Science Focus Area: Brookhaven National Laboratory
- Principal Investigator and Laboratory Research Manager: Tim Paape1
- Co-Investigators: Qun Liu1, Meng Xie1, Crysten E. Blaby-Haas2, Doreen Ware3, Samuel M. D. Seaver4, Daifeng Wang5
- Participating Institutions: 1Brookhaven National Laboratory, 2Lawrence Berkeley National Laboratory, 3U.S. Department of Agriculture’s Agricultural Research Service at Cold Spring Harbor Laboratory, 4Argonne National Laboratory, 5University of Wisconsin–Madison
- Project Website: https://www.bnl.gov/biology/plant-sciences/
Summary
The Quantitative Plant Science Initiative (QPSI) integrates computational approaches with genome-wide and targeted experimentation into a versatile and scalable capability for determining gene function in bioenergy crops.
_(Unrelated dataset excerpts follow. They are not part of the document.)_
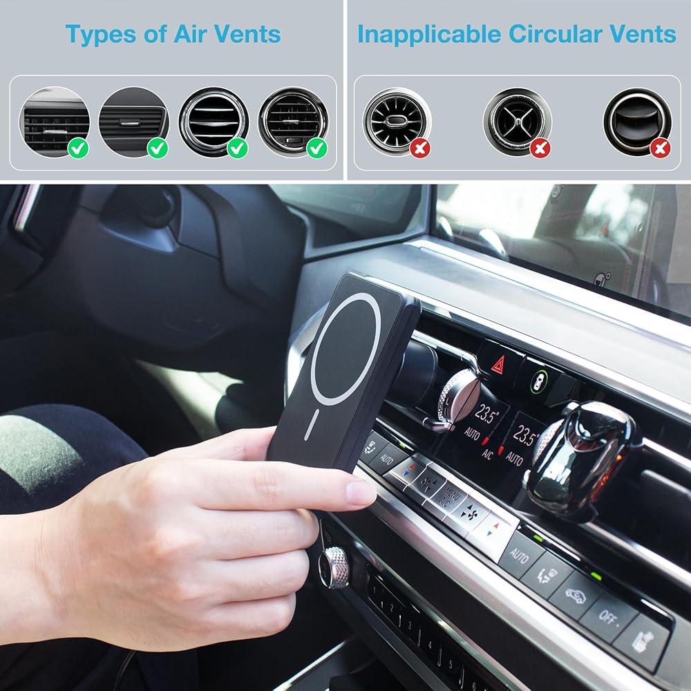 محاذاة مغناطيسية قوية: يحافظ شاحن السيارة اللاسلكي على هاتفك ثابتًا في مكانه أثناء القيادة. بفضل تقنيته المتقدمة، يمكنك تشغيل أجهزتك بسهولة دون متاعب الكابلات الفوضوية. يرجى ملاحظة: إنه مناسب لأجهزة iPhone التي تحتوي على وظائف الشاحن اللاسلكي والشفط المغناطيسي.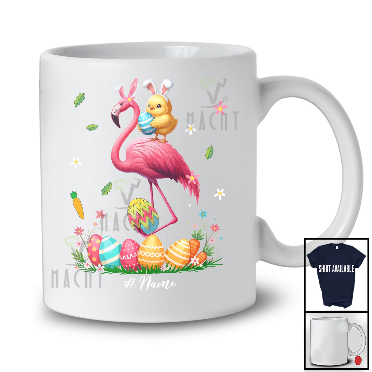 Personalized Custom Name Chick Ridding Flamingo; Amazing Easter Eggs Hunting; Family T-Shirt
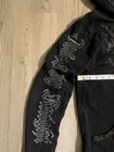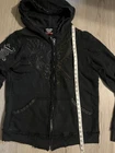This rare, vintage hoodie is a must-have for any fashion-forward man. The black Jaded By Knight hoodie features a zip closure and is made with thermal lining for ultimate warmth and comfort. The hoodie is designed with a Y2K style and is perfect for any casual occasion. The iconic Jade character adds a touch of personality to the piece, making it a unique addition to any wardrobe. The hoodie is available in a size M and is suitable for regular size types. This item is perfect for any collector or fashion enthusiast looking to add a rare, vintage piece to their collection. Check the measurements for proper sizing, seems like a tall medium.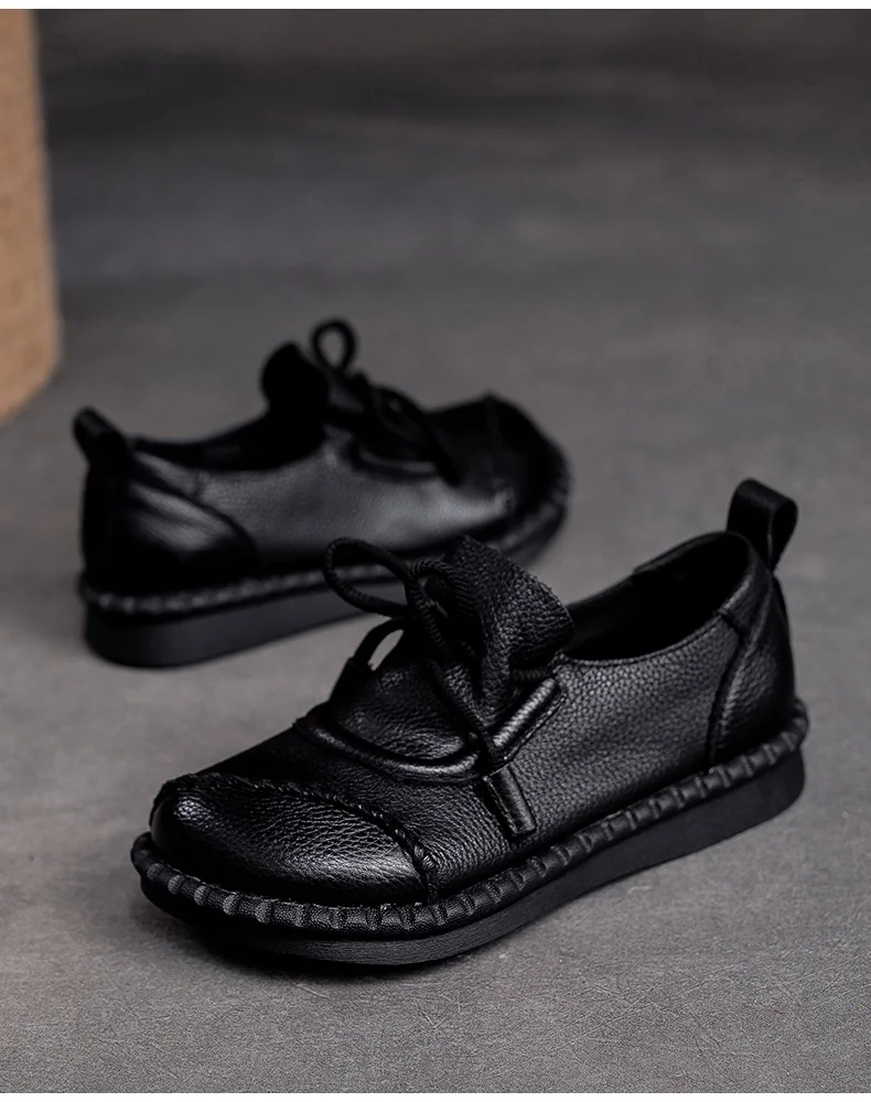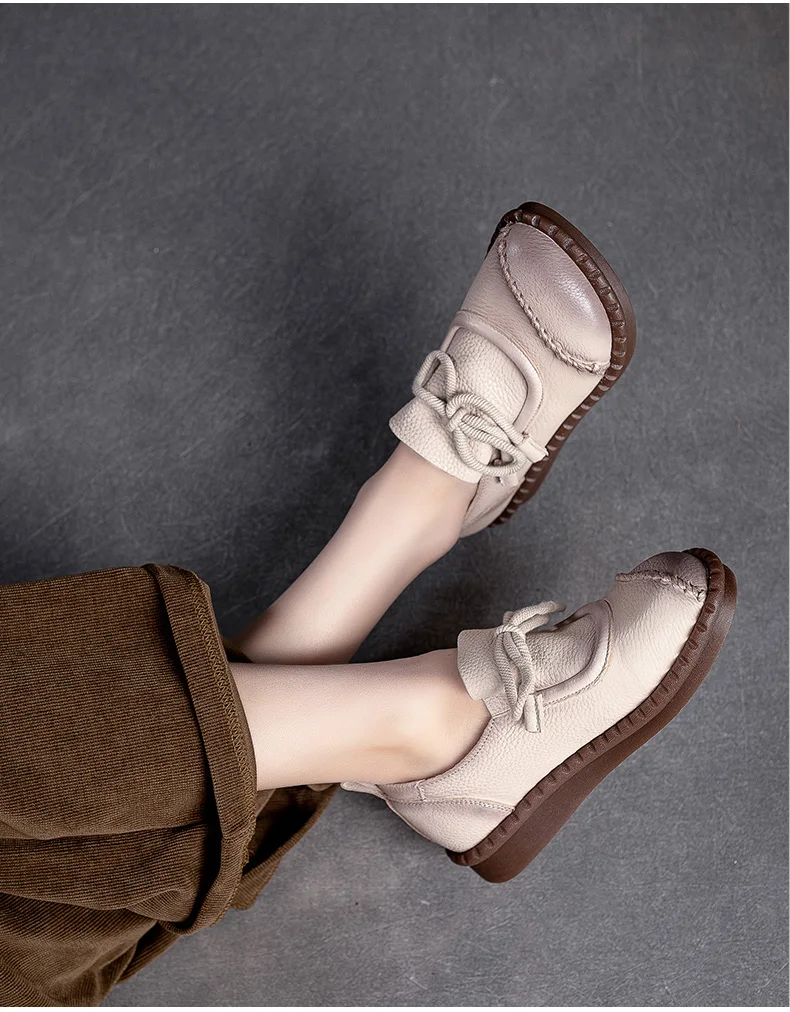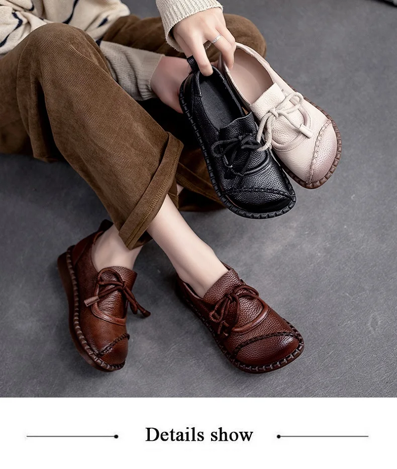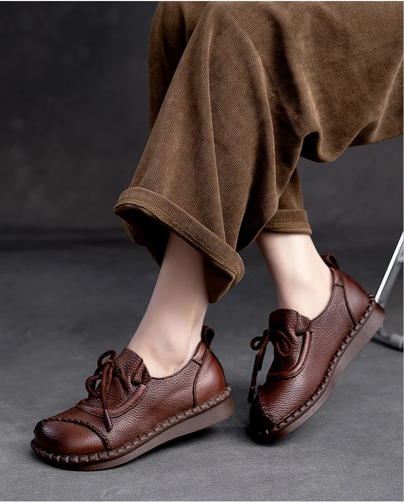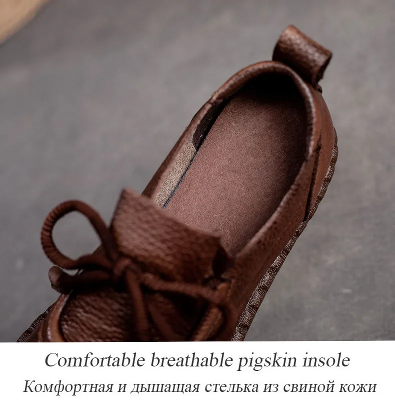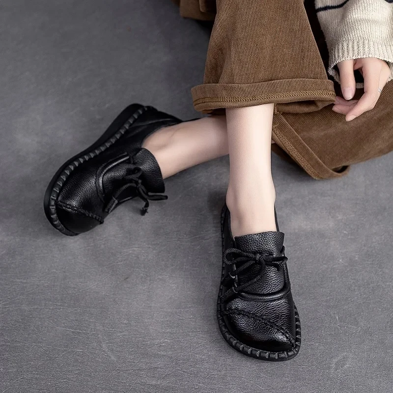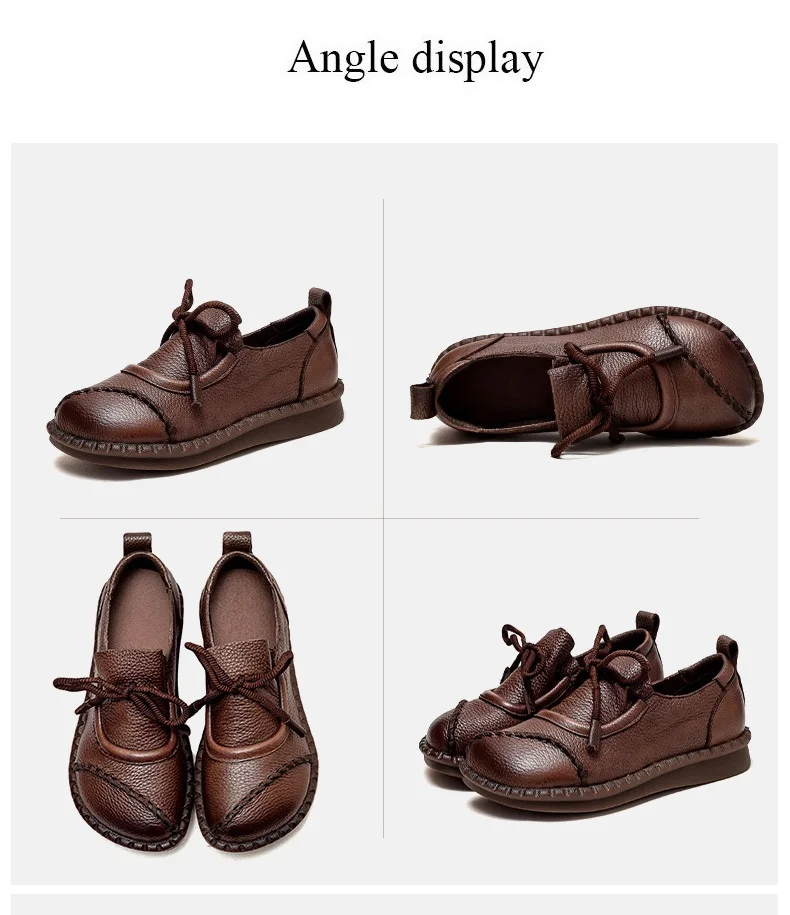 Women Flats Shoes 2024 New Spring Round Toe Lace-up Genuine Leather Casual Loafers Handmade Comfortable Shoes

This knowledge is essential to rationally design these crops for optimal and sustainable growth on marginal soils and to understand bioenergy-environment interactions, two missions of the Office of Biological and Environmental Research within the U.S. Department of Energy’s (DOE’s) Office of Science. Initial research addresses an important, but often overlooked, issue in sustainable bioenergy and bioproduction: essential micronutrients. Insufficient zinc and iron bioavailability cause widespread decreases in crop yield. Research teams are using DOE resources and a multiomics experimental strategy to discover adaptive responses to suboptimal zinc and iron availability in two DOE flagship bioenergy crops, poplar and sorghum. This data will be used for a computational simulation of cofactor availability in the chloroplast, the major metal sink and site of carbon fixation and energy generation. Teams also are deploying an interdisciplinary approach to provide an experimentally grounded, sequence-specific understanding of molecular-level functions for genes heavily involved in chloroplast metal trafficking. Results of this work will provide transformative contributions to DOE’s energy security mission.